1.4 Articles of Incorporation and Bylaws. Upon the Effective Time
of the Merger, the Articles of Incorporation and Bylaws of KII in effect
immediately prior to the Effective Time of the Merger shall be the Articles of
Incorporation and Bylaws of the Surviving Corporation, subject always to the
right of the Surviving Corporation to amend its Articles of Incorporation
2
and Bylaws in accordance with the laws of the State of Nevada and the
provisions of the Articles of Incorporation and Bylaws.
1.6 Directors and Officers. The directors and officers of KII in
office at the Effective Time of the Merger shall be and constitute the
directors and officers of the Surviving Corporation, each holding the same
office and/or directorship in the Surviving Corporation as he or she held in
KII for the terms elected and/or until their respective successors shall be
elected or appointed and qualified.
1.7 Effect of the Merger. On and after the Effective Time of the
Merger, subject to the terms and conditions of this Agreement, the separate
existence of SAC shall cease, the separate existence of KII, as the Surviving
Corporation, shall continue unaffected by the Merger, except as expressly set
forth herein, and the Surviving Corporation shall succeed, without further
action, to all the properties and assets of SAC of every kind, nature and
description and to SAC's business as a going concern. The Surviving
Corporation shall also succeed to all rights, title and interests to all real
estate and other property owned by SAC without reversion or impairment, without
further act or deed, and without any transfer or assignment having occurred,
but subject to any existing liens thereon. All liabilities and obligations of
SAC shall become the liabilities and obligations of the Surviving Corporation
and any proceedings pending against SAC will be continued as if the Merger had
not occurred.
1.8 Further Assurances. SAC hereby agrees that at any time, or
from time to time, as and when requested by the Surviving Corporation, or by
its successors and assigns, it will execute and deliver, or cause to be
executed and delivered in its name by its last acting officers, or by the
corresponding officers of the Surviving Corporation, all such conveyances,
assignments, transfers, deeds or other instruments, and will take or cause to
be taken such further or other action and give such assurances as the Surviving
Corporation, its successors or assigns may deem necessary or desirable in order
to evidence the transfer, vesting of any property, right, privilege or
franchise or to vest or perfect in or confirm to the Surviving Corporation, its
successors and assigns, title to and possession of all the property, rights,
privileges, powers, immunities, franchises and interests referred to in this
Article I and otherwise to carry out the intent and purposes thereof.

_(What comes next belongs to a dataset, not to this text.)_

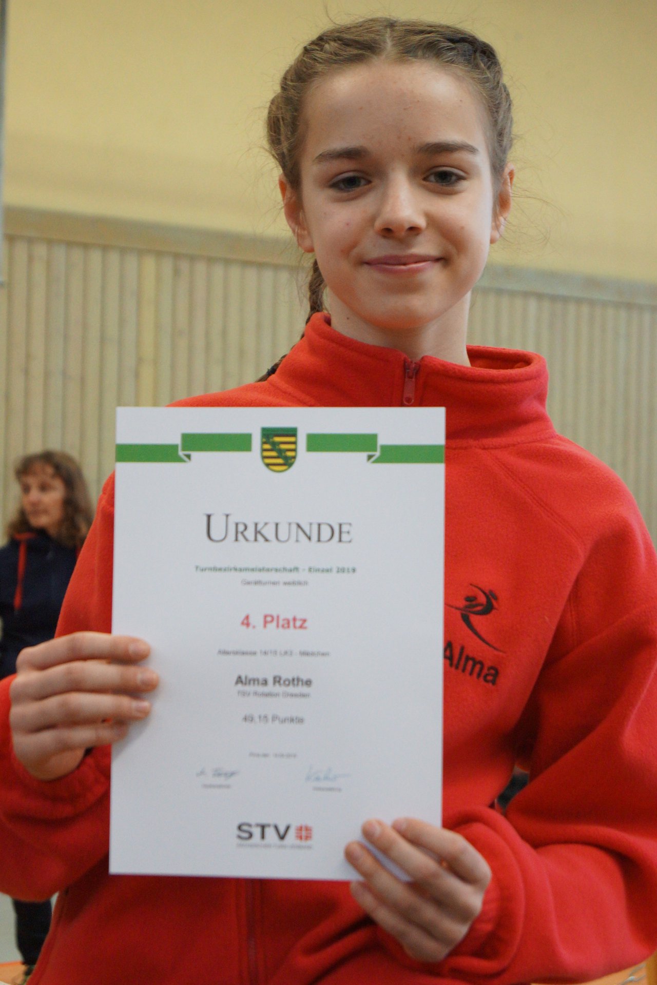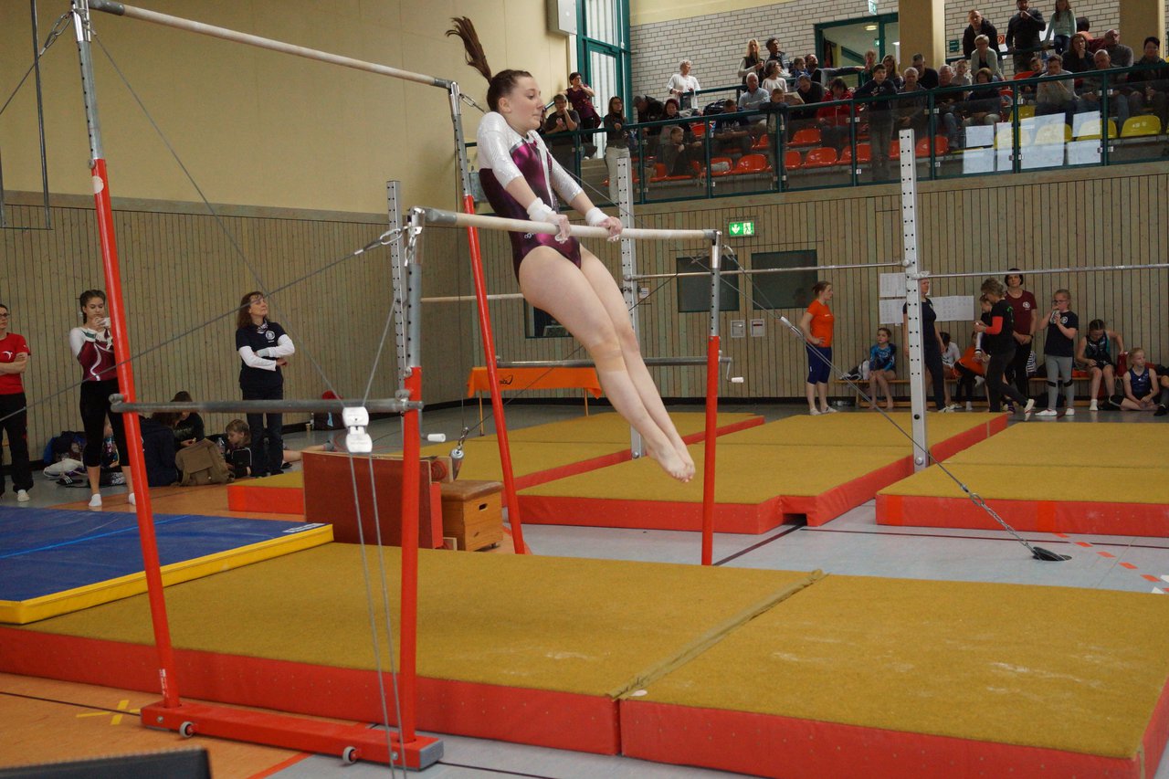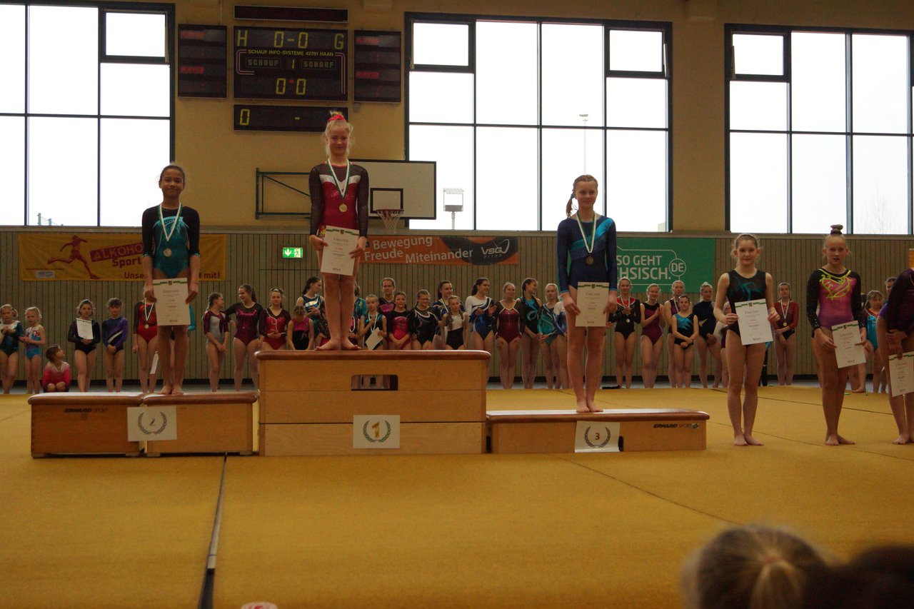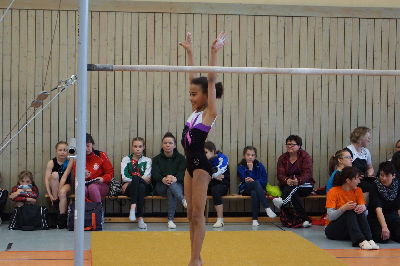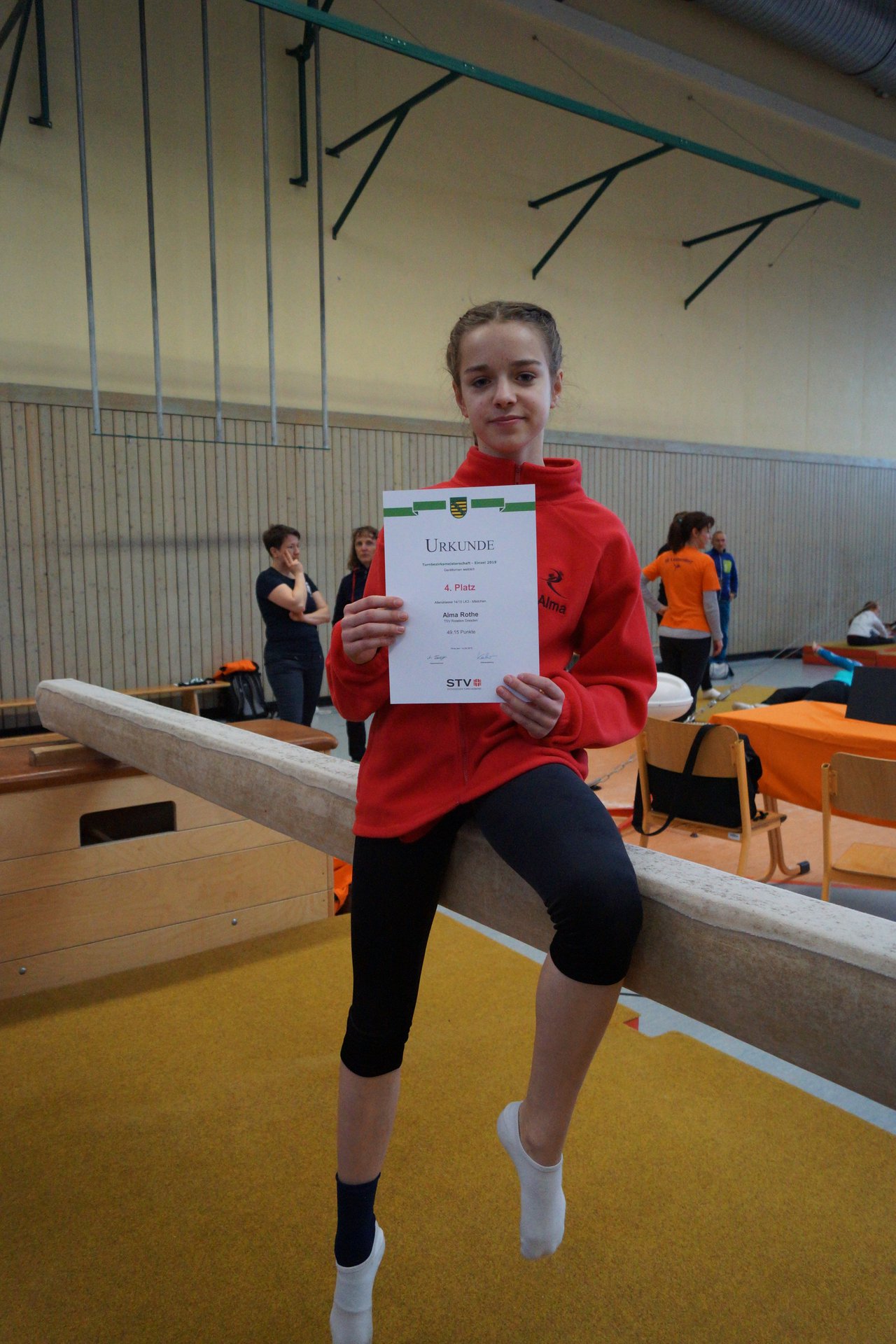Auf den Bronzerang in der gleichen Klasse schaffte es Emely, die leider eine bessere Platzierung durch ein fehlendes Element am Stufenbarren verschenkte, vor Milena. Ebenfalls Platz 4 ging an Eniye (LK 4 bis AK 11), die durch den Sturz vom Balken die Medaillenränge verpasste. Alma musste schon in der LK 3 AK 14/15 an den Start gehen und wurde ebenfalls Vierte.

KII, as the Surviving Corporation, agrees that it will promptly pay to
any dissenting shareholder of any Constituent Corporation, in accordance with
the applicable provisions of Florida and Nevada law, such amount as such
dissenting shareholder shall be entitled to receive under Florida and Nevada
law as a dissenting shareholder.
ARTICLE II
Capital Stock of the Constituent Corporations
2.1 KII Capital Stock. Upon the Effective Time of the Merger, by
virtue of the Merger and without any action on the part of SAC, KII or the
holders of any of the common stock ("KII Common Stock") of KII, each issued and
outstanding share of KII Common Stock shall be cancelled and shall no longer be
outstanding.
2.2 SAC Capital Stock. Upon the Effective Time of the Merger, by
virtue of the Merger and without any action on the part of SAC, KII or the
holders of any of the common
2
3
stock ("SAC Common Stock") of SAC, each share of issued and outstanding SAC
Common Stock shall be converted into the right to receive 1/250 share of KII
Common Stock. Upon the Effective Time of the Merger, any shares of capital
stock held in the treasury of SAC shall be cancelled and no shares of KII
Common Stock shall be issued in respect thereof.
2.3 Exchange Procedure. At or following the Effective Time of the
Merger, upon surrender of any certificate representing SAC Common Stock, if
applicable, the Surviving Corporation shall, in exchange therefor, cause to be
issued to the holder of such certificate a new certificate representing KII
Common Stock pursuant to Section 2.2, less any amount required to be withheld
under applicable federal, state or local tax requirements, and such certificate
forthwith shall be cancelled. Until so surrendered and exchanged, each such
certificate shall represent solely the right to receive the merger
consideration, without interest and less any tax withholding.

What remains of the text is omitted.